Les palmeraies de Ouargla sont livrées à la prédation. Dans cette oasis créée par l’homme dans la dépression de l’oued Miya, des centaines d’hectares plantés de palmiers dattiers adultes ont été rasés pour laisser place à des show-rooms, des bâtisses somptueuses, des magasins et des logements de standing. Sous le regard impassible des autorités locales. On ne peut les accuser de complicité mais leur inaction face à ce phénomène ne peut être interprétée autrement.
Les palmeraies situées en bordure des routes principales et secondaires sont sciemment brûlées et incendiées par leurs propres propriétaires. Ils facilitent ainsi l’urbanisation des parcelles dégagées pour les proposer, à des prix inimaginables, aux promoteurs et autres affairistes friqués.
Une précision s’impose : le palmier-dattier n’est pas considéré comme un arbre. Il est assimilé à une plante dont la tige, mince au départ, se transforme peu à peu en un tronc massif. Selon la définition usuelle, « les palmiers sont des monocotylédones plus proches des graminées que des chênes ou des frênes. Leur tronc est en réalité une tige épaisse qu’on appelle un stipe ou faux-tronc ». L’exploitant peut ainsi raser toute une parcelle sans être inquiété par les services des Forêts ou de l’Agriculture. C’est ce qui arrive depuis que l’économie de bazar s’est imposée en Algérie, au grand bonheur des concessionnaires automobiles, grossistes, fournisseurs et autres revendeurs de produits asiatiques.
Fort heureusement, les autorités ont réagi ces trois dernières années en interdisant tout brûlis et toute construction à l’intérieur des palmeraies, à l’exception des hangars, étables et autres dépendances agricoles.
Sécurité alimentaire ?
« Quand j’entends aujourd’hui des fonctionnaires et des responsables parler de sécurité alimentaire, je me dis : franchement, de qui se moquent-ils ? », s’emporte B. M’hamed, un agriculteur de Chlef qui exploite quelques parcelles de terres familiales au nord-est de la ville. « Je pense qu’il faut d’abord arrêter tous les projets de construction sur les terres agricoles avant d’engager une réflexion sur la politique agricole à suivre », ajoute-t-il, non sans critiquer violemment les décisions irréfléchies consistant à défalquer des terres agricoles au profit du secteur de l’habitat ou de l’industrie. « Il y a des endroits où construire des villes entières au sud de la ville de Chlef, sur les hauteurs de Chettia, Oued Fodda, Ouled Ben Abdelkader, El Marsa et même Boukadir », propose-t-il en soulignant tous les deux avantages que l’on peut en tirer : occupation rationnelle des espaces et préservation des terres agricoles.

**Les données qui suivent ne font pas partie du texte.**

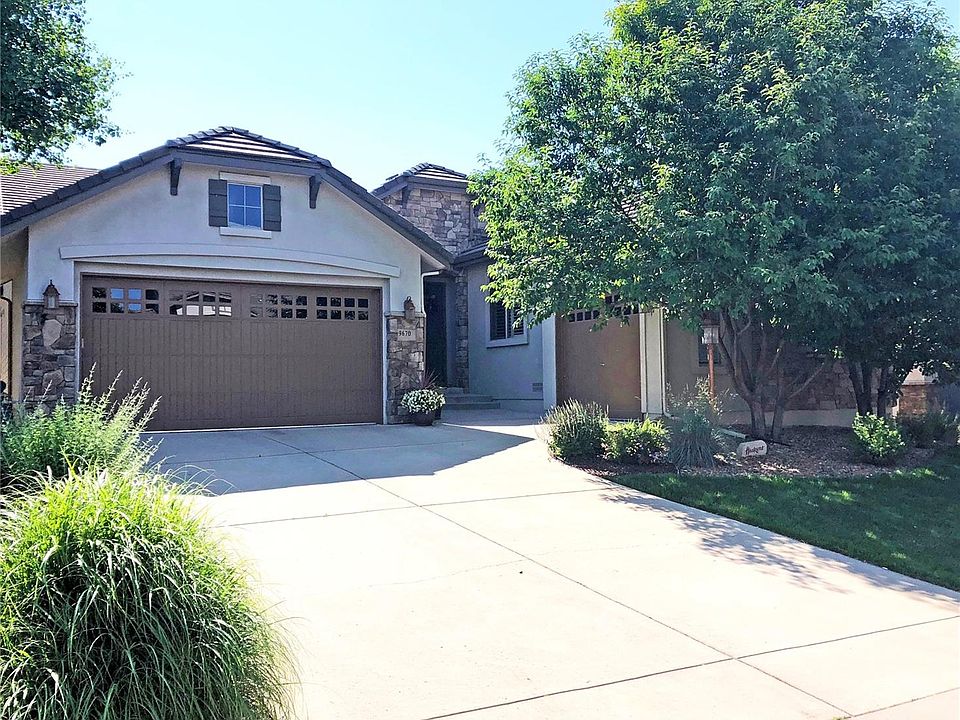 Beautiful ranch offering low maintenance lifestyle located in the gated community Heritage Hills in Lone Tree. This warm and inviting home boasts an open, voluminous floor plan with exceptional architecture and design. Soaring ceilings, pretty arches, gleaming hardwood floors, plantation shutters, floating stone fireplace, huge great room, gourmet kitchen and breakfast room and 4 bedrooms each ensuite are some of the special features that make this home standout. Additional features: Butler's pantry, covered patio, master with two closets designed by California Closets, main floor study with French doors, concrete tile roof, large storage room and professionally & beautifully landscaped. Lots of amenities nearby include pool and tennis within walking distance. There's also a private path that takes you directly over to the light rail station. Close by you have shopping, entertainment, restaurants, medical assistance, The Bluffs Regional Park Trail, Lone Tree Rec Center and more!

Et de rappeler que la cimenterie d’Oued Sly, l’usine qui a pollué tous les vergers d’agrumes de la région, a été construite sur des terres à très haut rendement agricole.
Le massacre ne s’est pas arrêté là : après la cimenterie, on a érigé des usines occupant des dizaines d’hectares de terres arables définitivement soustraits à l’agriculture. De nos jours, il est d’avis d’implanter les zones industrielles et d’activités sur les hauteurs situées au sud de Boukadir-Oued Sly où des terres rocailleuses s’étendent à perte de vue. Elles peuvent être exploités à la fois pour l’habitat et l’industrie.
En attendant, les bâtisses se multiplient sur les terres agricoles, en particulier le long des routes et bretelles d’autoroute. C’est ce qui se passe actuellement à l’entrée Est de Chlef.